John McGill, Plaintiff,
Gigantex Technologies Co., Ltd., Defendant.

The opinion of the court was delivered by: SUZANNE CONLON, District Judge


John McGill sues Gigantex Technologies Co., Ltd. ("Gigantex") for negligence, strict liability, and breach of warranty for injuries suffered in a bicycle accident. Gigantex moves to dismiss the complaint for lack of personal jurisdiction.


  McGill filed suit against Gigantex, Bell Sports, Inc., and Tien Hsin Industries Co., Ltd. asserting claims for negligence, strict liability and breach of warranty in the United States District Court for the District of Maryland.*fn1 No. 03 C 2570 (D. Md. Sept. 5, 2003). After Gigantex filed a motion to dismiss for lack of personal jurisdiction, the district court directed the parties to conduct discovery on the jurisdictional issue. Upon the completion of discovery, Gigantex filed a renewed motion to dismiss for lack of personal jurisdiction. McGill filed a motion to transfer to the Northern District of Illinois pursuant to 28 U.S.C. § 1406. On September 30, 2005, the district court ruled that Maryland did not have personal jurisdiction over Gigantex and granted McGill's motion to transfer to the Northern District of Illinois pursuant to 28 U.S.C. §§ 1406(a) and 1631. McGill is a Maryland resident. Compl. at ¶ 3. Gigantex is a Taiwanese company that manufactures and sells bicycle components with its principal place of business in Taiwan. Id. at ¶ 4. McGill suffered injuries when a bicycle with components manufactured by Gigantex malfunctioned. Id. at ¶¶ 7, 10. The accident occurred in Delaware. Id. at ¶ 10.

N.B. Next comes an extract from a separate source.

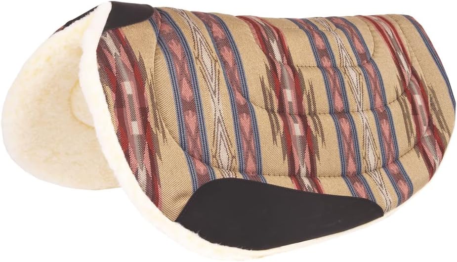 Mustang Herculon Top Western Barrel Saddle Pad This saddle pad is made from Herculon, one of the strongest, most stain-resistant fabrics available, insuring vibrant colors, resisting odor and saddle staining, and requiring minimal upkeep. A thick fleece lining molds perfectly to your horse's back and absorbs shock, creating a safer, smoother ride. Three southwestern patterns and wear leathers top it off to make this round, barrel cut saddle pad handsome as well as functional. Features: Round, barrel cut Shock absorbing Stain-resistant Durable Genuine suede wear leathers Item Specifications: Dimensions: 30"W x 30"L x 1" thick Materials: Herculon and fleece Colors: Apache Black, Cheyenne Hunter, Dodgeville Pottery

  In deciding a Rule 12(b)(2) motion to dismiss, McGill bears the burden of demonstrating the existence of personal jurisdiction. Jennings v. AC Hydraulic A/S, 383 F.3d 546, 549 (7th Cir. 2004); RAR, Inc. v. Turner Diesel, 107 F.3d 1272, 1276 (7th Cir. 1997); ABN Amro Sage Corp. v. Cohen, No. 03 C 3556, 2003 WL 22057449, at *1 (N.D. Ill. Sept. 3, 2003). The court accepts all well-pleaded jurisdictional allegations in the complaint as true unless controverted by affidavit. Turnock v. Cope, 816 F.2d 332, 333 (7th Cir. 1989); ABN Amro Sage Corp., 2003 WL 22057449, at *1. Any conflict presented by affidavit must be resolved in McGill's favor. Hyatt Int'l Corp. v. Coco, 302 F.3d 707, 712-13 (7th Cir. 2002).

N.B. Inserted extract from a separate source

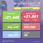 タイ保健省は2022年3月6日(日)朝、1日で確認された新型コロナウイルス陽性者が21,881人で、[...]

  A federal district court in Illinois may exercise personal jurisdiction over a nonresident defendant only if an Illinois court would have jurisdiction over the defendant. RAR, Inc., 107 F.3d at 1275. An Illinois court has personal jurisdiction where permitted by state statutory law and state and federal constitutional law. Id. at 1276. Illinois' long-arm statute extends personal jurisdiction to the limit allowed under the Illinois and federal constitutions. Id. Courts typically consider the reach of Illinois due process by looking to federal constitutional limits on jurisdiction. Id. at 1276-77; see also Hyatt Int'l Corp. v. Coco, 302 F.3d 707, 715 (7th Cir. 2002). A defendant must have "certain minimum contacts with [Illinois] such that maintenance of the suit does not offend `traditional notions of fair play and substantial justice." International Shoe Co. v. State of Washington, Office of Unemployment Compensation and Placement, 326 U.S. 310, 316 (1945) (citation omitted). Gigantex may be subject to either general or specific jurisdiction under Illinois law. RAR, Inc., 107 F.3d at 1277.

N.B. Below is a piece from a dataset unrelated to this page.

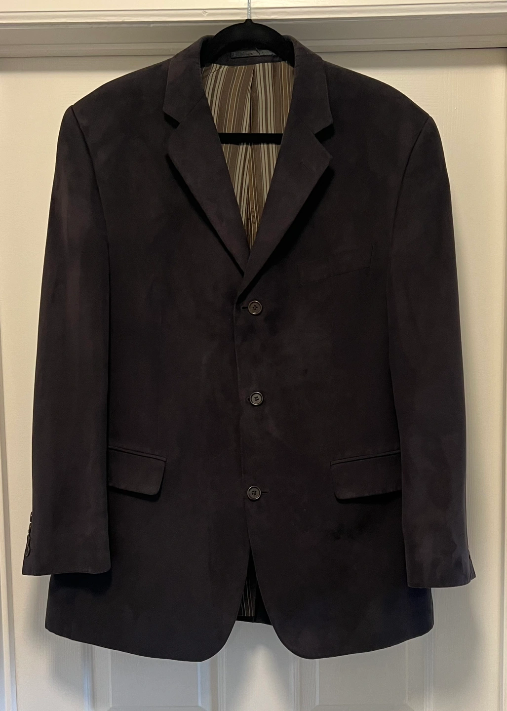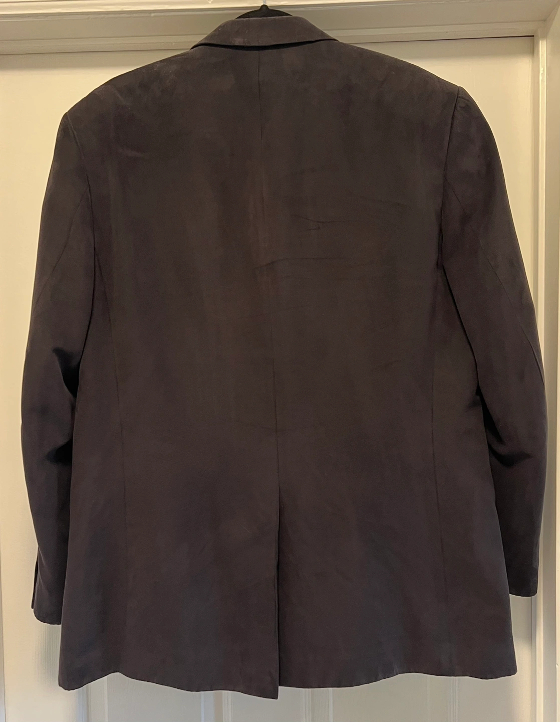 Frans Molenaar 3 button sport jacket. Jacket size is 42 R - Color is brownish. Material is ultra suede.

  McGill does not assert that this suit arises out of Gigantex's conduct in Illinois. Thus, the question of personal jurisdiction turns on whether Gigantex is subject to general jurisdiction. General jurisdiction is appropriate only where defendants have "continuous and systematic general business contacts" with Illinois. RAR, Inc., 107 F.3d at 1277 (citing Helicopteros Nacionales de Colombia, S.A., v. Hall, 466 U.S. 408, 411 n. 8 (1984)). Those contacts must be so extensive as to make it "fundamentally fair to require [Gigantex] to answer in any [Illinois] court in any litigation arising out of any transaction or occurrence taking place anywhere in the world." Purdue Research Foundation v. Sanofi-Synthelabo, S.A., 338 F.3d 773, 787 (7th Cir. 2003). In determining whether general jurisdiction exists, courts examine the following factors: (1) the extent to which Gigantex conducts business in Illinois; (2) whether Gigantex maintains offices or employees in Illinois; (3) whether Gigantex sends agents into Illinois to conduct business; (4) whether Gigantex advertises or solicits business in Illinois; and (5) whether Gigantex has designated an agent for service of process in Illinois. Interlease Aviation Investors II (Aloha) L.L.C. et al. v. Vanguard Airlines, Inc., 262 F. Supp. 2d 898, 906-07 (N.D. Ill. 2003). In determining whether Gigantex's contacts with Illinois are continuous and systematic general business contacts that would submit the company to general jurisdiction, the court will only consider those contacts which continued up to the time of the suit. Repository Technologies v. Systems Consultants, No. 02 C 8640, 2003 WL 21148340, at *6 (N.D. Ill. May 16, 2003) (citing Asset Allocation & Management Co. v. W. Employers Ins. Co., 892 F.2d 566, 570 (7th Cir. 1989)); Haggerty Enterprises, Inc. v. Lipan Industrial Co., Ltd., No. 00 C 766, 2001 WL 968592, at *4 (N.D. Ill. Aug. 23, 2001).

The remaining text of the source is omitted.